(PROBLEM REQUIREMENTS)
In the entries below, find the line with "叶三角状卵圆形或近圆形,长宽" and the line with "Beauty in nature". Return those two lines and all lines between them, exactly.

(ENTRIES SHOWN)
────

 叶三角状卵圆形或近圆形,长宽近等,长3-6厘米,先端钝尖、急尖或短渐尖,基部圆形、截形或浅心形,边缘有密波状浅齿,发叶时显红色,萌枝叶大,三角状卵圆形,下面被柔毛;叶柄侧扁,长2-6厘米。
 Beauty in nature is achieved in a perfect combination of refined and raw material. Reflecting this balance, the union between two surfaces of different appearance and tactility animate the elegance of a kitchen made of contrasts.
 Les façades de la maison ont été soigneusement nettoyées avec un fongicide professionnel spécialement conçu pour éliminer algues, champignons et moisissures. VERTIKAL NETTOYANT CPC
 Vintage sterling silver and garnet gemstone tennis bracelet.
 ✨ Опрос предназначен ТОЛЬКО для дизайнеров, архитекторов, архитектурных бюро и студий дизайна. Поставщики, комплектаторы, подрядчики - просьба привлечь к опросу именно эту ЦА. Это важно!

────

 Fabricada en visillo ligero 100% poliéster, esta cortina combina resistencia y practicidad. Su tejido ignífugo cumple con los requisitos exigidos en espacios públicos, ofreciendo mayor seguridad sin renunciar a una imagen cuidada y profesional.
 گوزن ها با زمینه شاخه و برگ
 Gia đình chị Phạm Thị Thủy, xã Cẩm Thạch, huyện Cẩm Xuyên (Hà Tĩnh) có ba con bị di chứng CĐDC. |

────

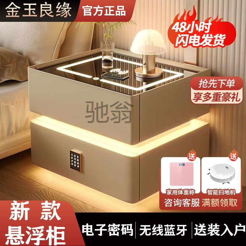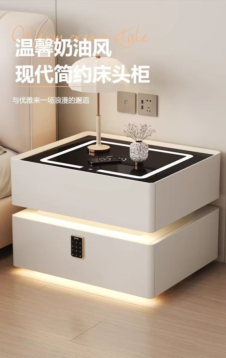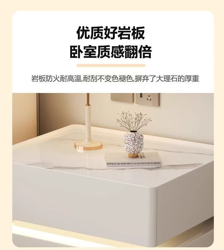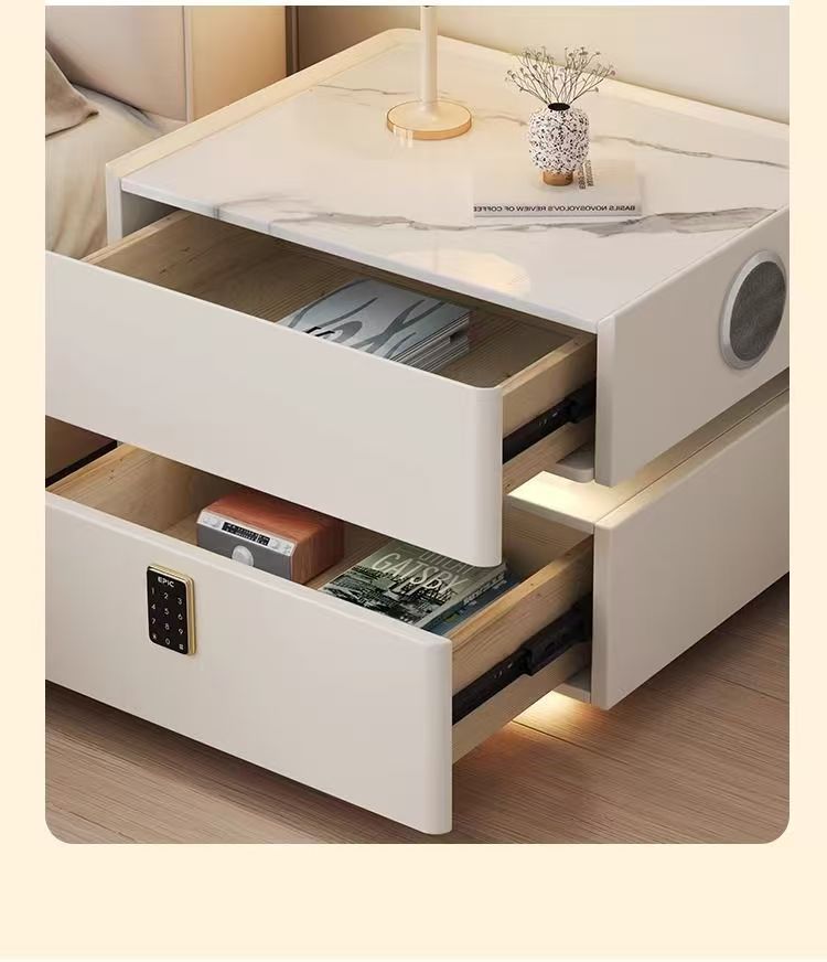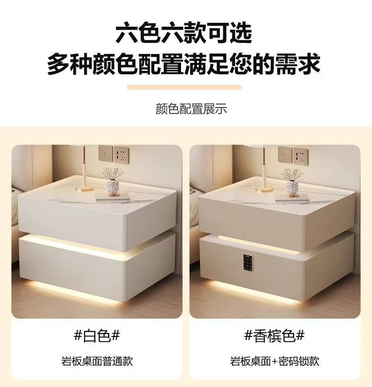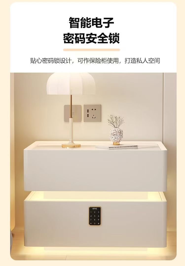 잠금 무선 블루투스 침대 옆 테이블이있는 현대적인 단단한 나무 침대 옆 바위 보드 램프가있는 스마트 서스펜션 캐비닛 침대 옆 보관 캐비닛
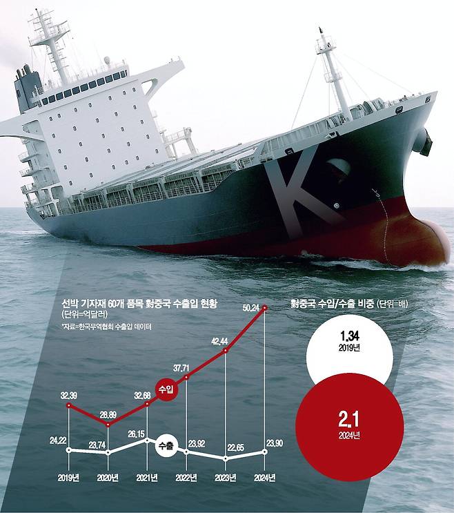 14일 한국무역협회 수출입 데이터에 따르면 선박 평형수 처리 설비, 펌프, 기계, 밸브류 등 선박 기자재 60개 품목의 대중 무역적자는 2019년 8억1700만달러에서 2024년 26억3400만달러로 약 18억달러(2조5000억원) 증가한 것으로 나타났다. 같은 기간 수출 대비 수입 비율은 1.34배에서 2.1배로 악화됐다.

────

(ANSWER FOR THE TASK)
 叶三角状卵圆形或近圆形,长宽近等,长3-6厘米,先端钝尖、急尖或短渐尖,基部圆形、截形或浅心形,边缘有密波状浅齿,发叶时显红色,萌枝叶大,三角状卵圆形,下面被柔毛;叶柄侧扁,长2-6厘米。
 Beauty in nature is achieved in a perfect combination of refined and raw material. Reflecting this balance, the union between two surfaces of different appearance and tactility animate the elegance of a kitchen made of contrasts.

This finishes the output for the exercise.